Stored data:
★ ★ ★ ★ ★

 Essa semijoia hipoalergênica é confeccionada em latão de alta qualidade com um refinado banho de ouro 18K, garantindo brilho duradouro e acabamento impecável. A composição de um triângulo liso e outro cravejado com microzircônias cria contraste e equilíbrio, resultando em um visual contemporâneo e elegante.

★ ★ ★ ★ ★

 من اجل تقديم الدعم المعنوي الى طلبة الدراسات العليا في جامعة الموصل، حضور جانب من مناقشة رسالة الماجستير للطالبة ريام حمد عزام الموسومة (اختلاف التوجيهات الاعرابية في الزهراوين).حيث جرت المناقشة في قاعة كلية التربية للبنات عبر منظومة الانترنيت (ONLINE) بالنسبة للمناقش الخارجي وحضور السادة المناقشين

★ ★ ★ ★ ★

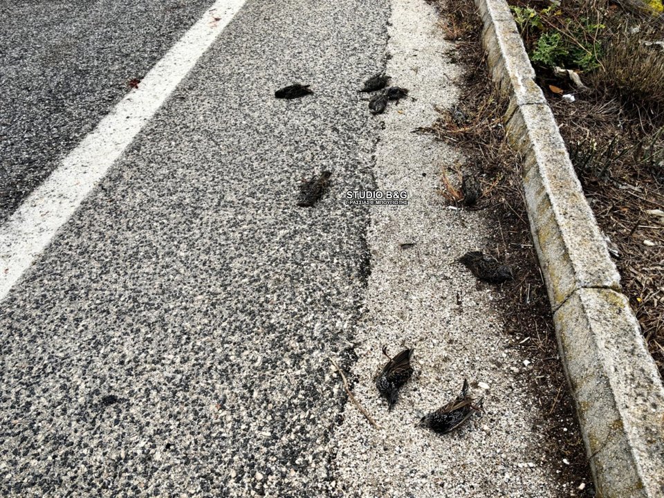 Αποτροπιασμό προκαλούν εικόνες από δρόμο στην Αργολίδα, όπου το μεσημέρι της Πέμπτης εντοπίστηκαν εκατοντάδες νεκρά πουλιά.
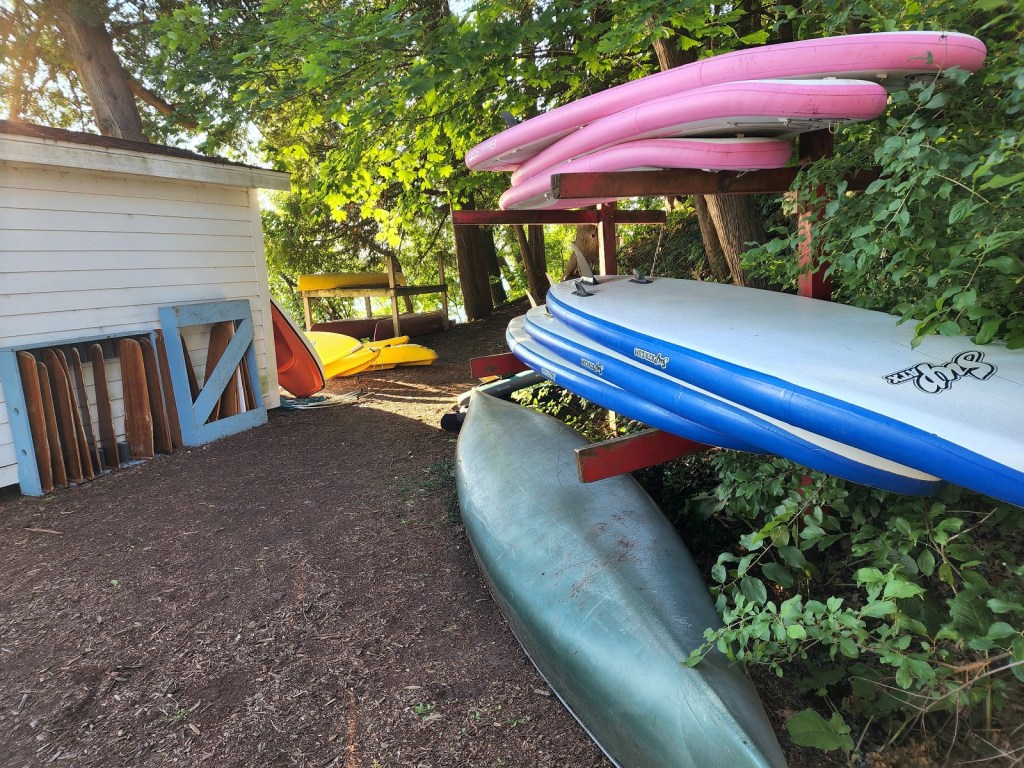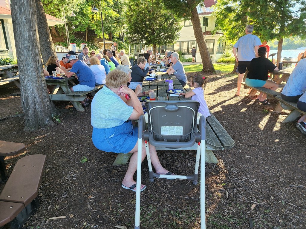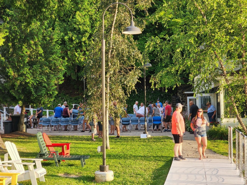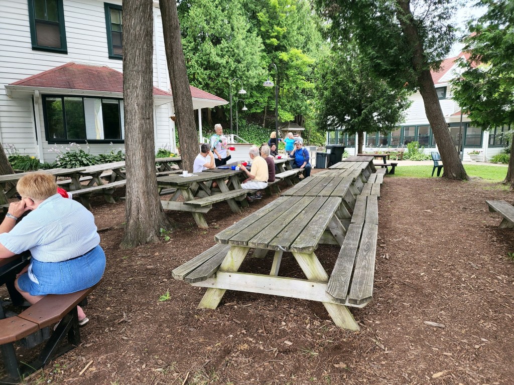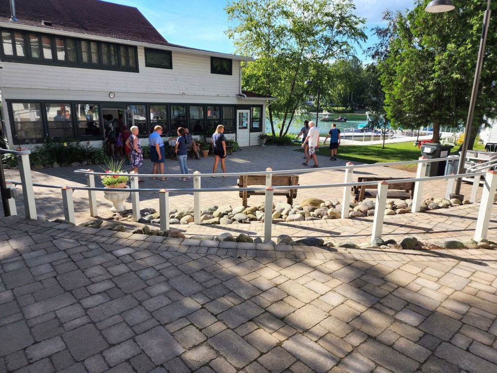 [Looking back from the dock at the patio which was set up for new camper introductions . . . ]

★ ★ ★ ★ ★

What to produce: For this exercise, please set down exactly the lines of the listing above from the line with "Αποτροπιασμό προκαλούν εικόνες" up to and including the line with "[Looking back from", and no pictures.

The answer:
 Αποτροπιασμό προκαλούν εικόνες από δρόμο στην Αργολίδα, όπου το μεσημέρι της Πέμπτης εντοπίστηκαν εκατοντάδες νεκρά πουλιά.
 [Looking back from the dock at the patio which was set up for new camper introductions . . . ]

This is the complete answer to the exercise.